A lethal new drug dubbed “gray death” by authorities that is dangerous to even touch with gloves is being eyed in overdose cases across Georgia, Alabama and Ohio. Investigators said the high-potency cocktail — which is comprised of heroin, fentanyl, the elephant tranquilizer carfentanil, and a synthetic opioid called U-47700 — can kill users with a single dose.
“Gray death is one of the scariest combinations that I have ever seen in nearly 20 years of forensic chemistry drug analysis,” Deneen Kilcrease, manager of the chemistry section at the Georgia Bureau of Investigation, told The Associated Press.
A spokeswoman for the agency told the Associated Press that they’ve seen 50 overdoses cases involving gray death over the past three months. Users can inject, swallow, smoke or snort the drug, which varies in consistency and looks like a concrete mixture.
The Ohio coroner’s office told the news agency that a compound similar to gray death has been coming in for months, with at least eight samples matching the drug mixture. A user can buy the lethal cocktail for as low as $10 on the street, Forbes reported.
Law enforcement officials believe a price drop led users to switch from prescription painkillers to heroin, which is often cut with fentanyl — a drug that is 50 times more potent than heroin and 100 times more potent than morphine.
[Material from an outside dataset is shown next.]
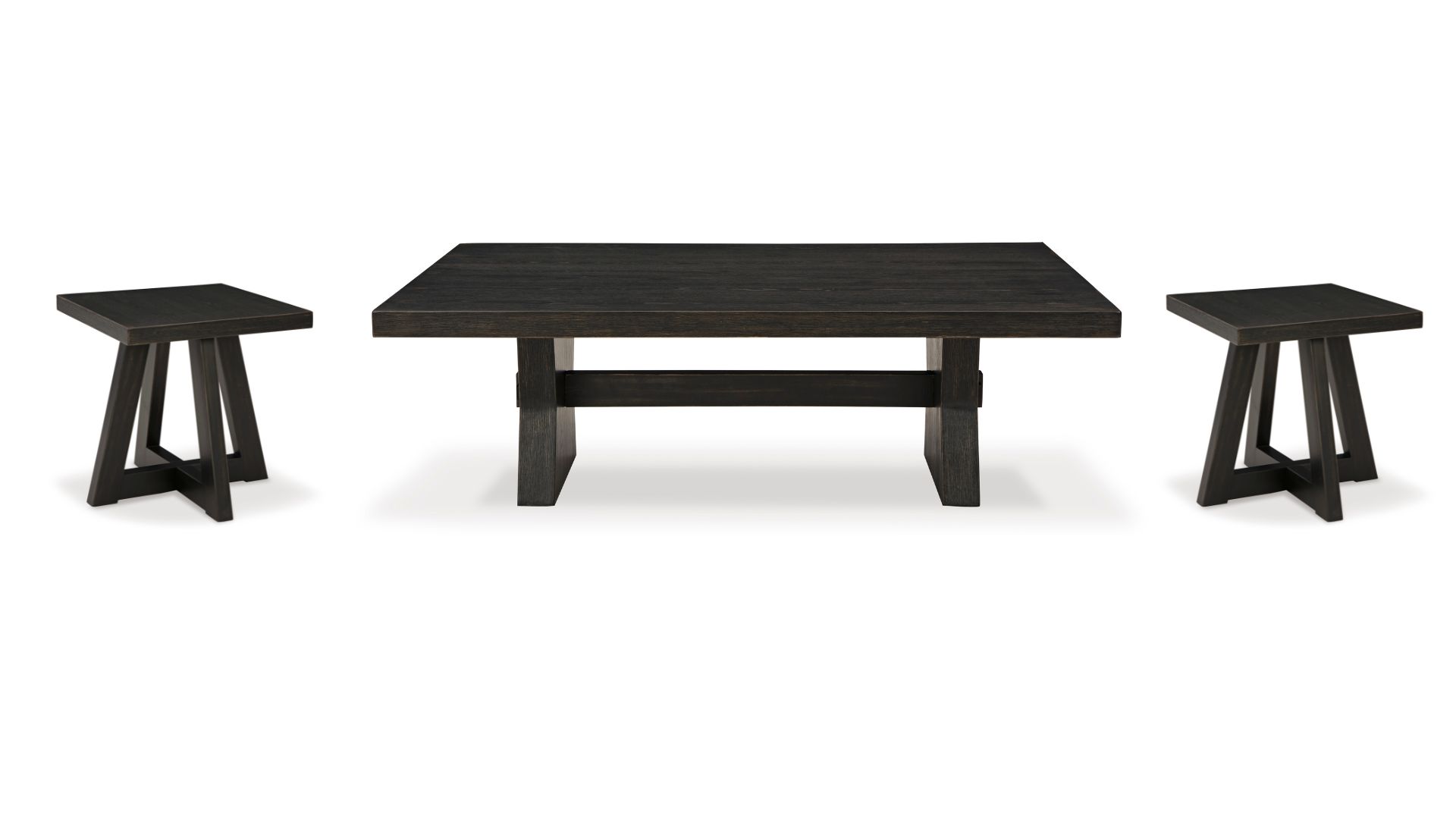 The Galliden cocktail table brings a rustic vibe to urban contemporary design. It’s a modern approach to natural beauty, with an aged black finish defining a unique geometric design. And the stunning simplicity of its color palette allows you to seamlessly coordinate this table with your existing decor.

Most alarming to officials is that users do not have a way of telling if heroin is pure or laced with other drugs before using it. The same goes for the gray death.
“You don’t know what you’re getting with these things,” Richie Webber, who overdosed on fentanyl-laced heroin in 2014, told The Associated Press. “Every time you shoot up, you’re literally playing Russian roulette with your life.”
With the nation already in the midst of an opioid epidemic, the Centers for Disease Control and Prevention (CDC) and law enforcement departments around the country have been on high alert for fentanyl-laced opioids, which are behind an increasing number of unintentional overdose fatalities in multiple states across the United States. In 2015 alone, opioids, including prescription drugs and heroin, killed more than 33,000 Americans.
“Normally we would be able to walk by one of our scientists, and say ‘What are you testing?’ and they’ll tell you heroin or ‘We’re testing fentanyl,’” Ohio Attorney General Mike DeWine told The Associated Press. “Now, sometimes they’re looking at it, at least initially, and say, ‘Well, we don’t know.’”
In Alabama, where authorities said they see an evolution of drug abuse and addiction across the state, they are trying to send a clear message about the danger of using gray death before it becomes widely available.
“This is not a drug that you use to get high — if you put this drug into your body you will die, it will kill you,” Clay Hammac, Shelby County Drug Enforcement Task commander, told ABC 33 40.